Gelingt der Nachweis von Bakterien in der Blutkultur nicht (5 bis 10 % der Fälle) oder ist er noch nicht bekannt, dann muss bei der akuten Infektion und beim Vorliegen der klinischen Zeichen kalkuliert („blind“) behandelt werden. Hierbei wird bei der Auswahl der Antibiotika das unterschiedliche Erregerspektrum bei Vorliegen von natürlicher Herzklappen (Nativklappen) und Klappenprothesen berücksichtigt. Man führt klinisch unter anfänglich strenger Bettruhe eine breit wirksame intravenöse antibiotische Therapie über eine Zeit von vier bis sechs Wochen durch, wobei mindestens die ersten zwei Therapiewochen unter stationärer Kontrolle erfolgen. Danach folgt eine ein- bis zweiwöchige kritische Beobachtung. Bei einem subakuten Verlauf kann das Vorliegen mikrobiologischer Untersuchungsergebnisse gegebenenfalls abgewartet werden und dann gezielt antibiotisch behandelt werden.
Eine einmal durchgemachte Endokarditis bewirkt ein erhöhtes Risiko für eine weitere Erkrankung. Deshalb ist die Prophylaxe (s. u.) von besonderer Wichtigkeit.
Bei aktiver Endokarditis kommt auch eine chirurgische Therapie in Betracht, zum Beispiel bei lebensbedrohlichen Herzklappeninsuffizienzen, Abszessen oder größeren bzw. sich ausbreitenden Vegetationen im Bereich von Herzklappen, schwer therapierbaren Erregern oder trotz Therapie weiterbestehendem Fieber bzw. weiterbestehener Keimzahl im Blut, Sepsis und septischem Schock, akuter Embolie im Gehirn und bei Endokarditis durch Infektion einer Gelenkprothese.
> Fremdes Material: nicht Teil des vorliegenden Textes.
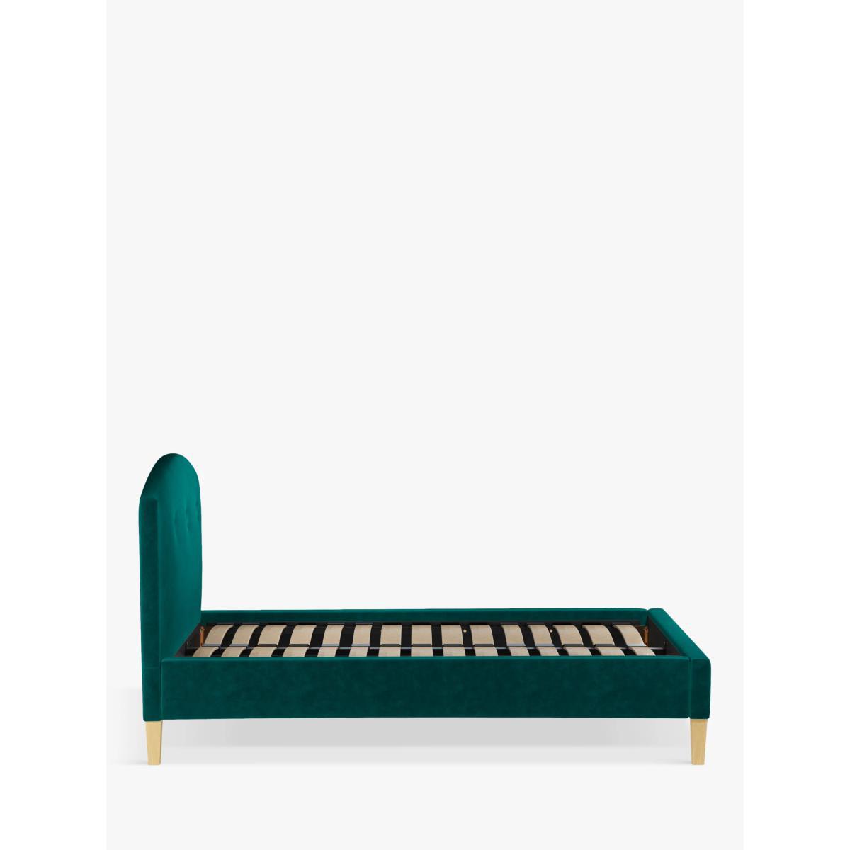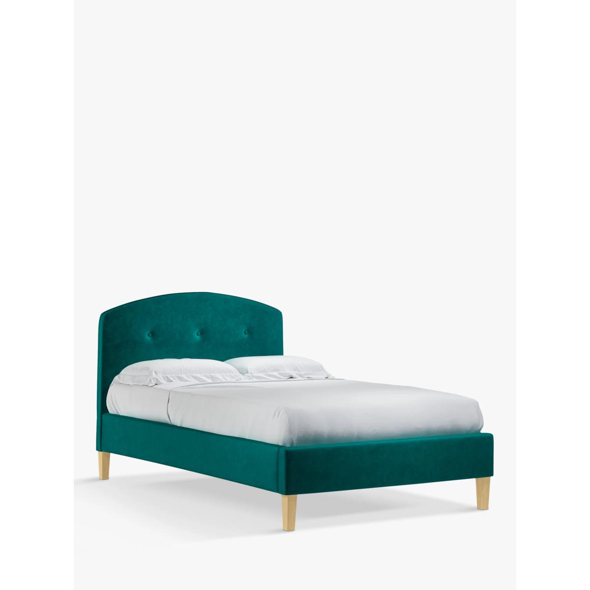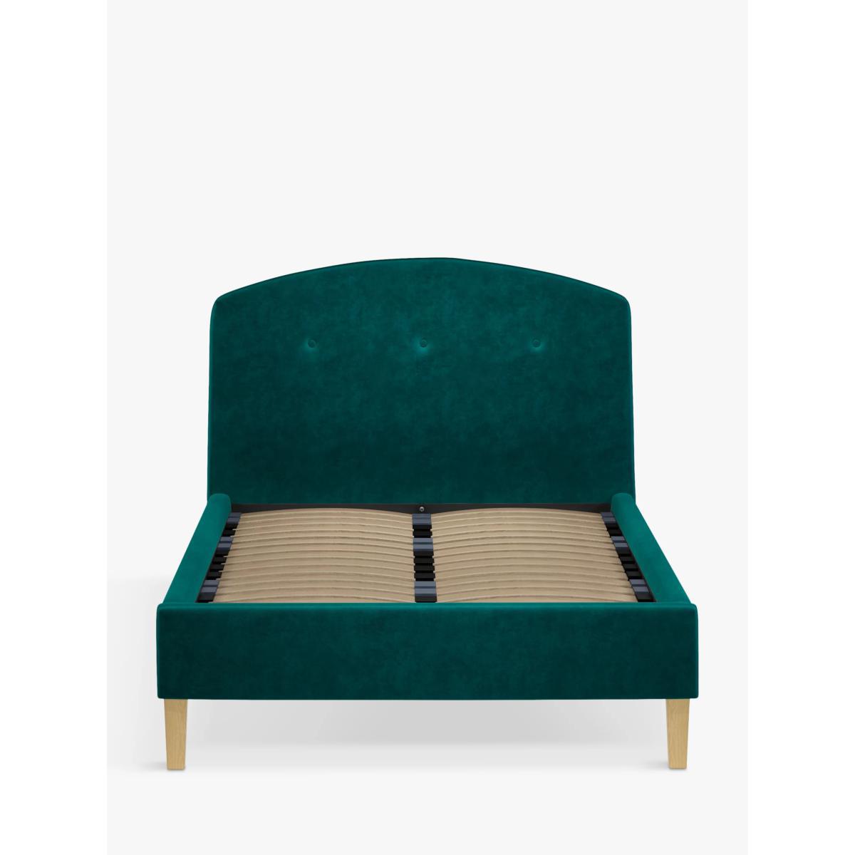 Our Grace bed frame is a classic shape, but the gently curved and well-padded headboard gives it a modern edge. It's accented with button detailing and sprung slats in the base provide a supportive and responsive foundation for your mattress. Built with Smart Slats This bed frame is designed with wider slats at the shoulders, lumbar and feet. They provide maximum support for you and your mattress so that you experience perfect spinal alignment while you sleep. The standard slat caps are black so we have added grey slat caps to ensure that you know where to place the wider slats. Choose from one of our fabrics: Our Band A fabric, Topaz is woven to create a linen-effect feel Our Band A fabric, Saga is woven with man-made fibres, making it exceptionally durable and versatile Our Band B fabric, Erin has a velvet-style, chenille feel. It's woven with man-made fibres to create a beautifully soft yarn and can appear two-tone in different lights Our Band B fabric, Opulence is a soft and luxurious velvet-like fabric Our Band B fabric, Mole is a soft and cosy woven wool-blend. Piling and bobbling may occur naturally over time Our Band B fabric, Relaxed Linen is durable, resilient and versatile, woven from man-made and natural fibres Our Band C fabric, Aquaclean Harriet is made from a short, dense pile of velvet that has a soft, brushed finish. An Aquaclean treatment has been applied to this resilient fabric which means you can banish the majority of household stains with water. The treatment covers every fibre with an invisible coating so it doesn't need to be retreated or re-coated. It will naturally develop lines, scuffs and shading over time. Want to see it first? You may want to see and get a feel for the furniture before ordering. Pop into one of our shops to see the full range of colours and fabrics on offer. We'll be able to tell you where the range you'd like to view is on display.

Bei planbaren Eingriffen (Zahnmedizin, Endoskopie, Operation s. o.) ist bei Patienten mit erhöhtem Endokarditisrisiko an eine Prophylaxe zu denken, die beispielsweise aus der Gabe eines Antibiotikums ca. eine Stunde vor der Behandlung und ggf. einer zweiten Gabe einige Stunden danach besteht. Eine gute Mundhygiene ist grundsätzlich vorteilhaft; sie reduziert die Keimzahl ständig und nicht nur bei Zahnarztbesuchen.
Neue Richtlinien zur Prophylaxe einer bakteriellen Endokarditis einschließlich einer umfassenden Diskussion über deren Entstehungsmöglichkeiten wurden 2007 von der American Heart Association (AHA) veröffentlicht.[5] Die AHA bewertete das Risiko einer Endokarditisinfektion deutlich zurückhaltender als bisher und hielt die bisher geübte Prophylaxe in einem Großteil der Fälle für verzichtbar. Auch die Europäische Gesellschaft für Kardiologie beschränkte in ihren Leitlinien 2009 die prophylaktische Gabe von Antibiotika auf Hochrisikopatienten.[6]
Eine Endokarditisprophylaxe ist bei folgenden Patienten mit hohem Endokarditis-Risiko derzeit notwendig:[7]
Die Durchführung einer Endokarditis-Prophylaxe erfolgt mit Antibiotika wie Amoxicillin (oder Ampicillin), bei Penicillinallergie mit Clindamycin (alternativ Cefalexin oder Clarithromycin), Cefazolin oder Ceftriaxon.[8]
Bei allen Erkrankungen, die durch eine bakterielle Infektion (s. o.) ausgelöst wurden, ist eine Behandlung mit einem Antibiotikum über ausreichend lange Zeit erforderlich, um die Entstehung einer Endokarditis zusätzlich oder als Folge der Grunderkrankung zu verhindern. Auch bei einem primär viralen Infekt (gegen die ein Antibiotikum nicht wirkt) kann eine Antibiotikagabe zur Vermeidung einer bakteriellen Superinfektion sinnvoll sein.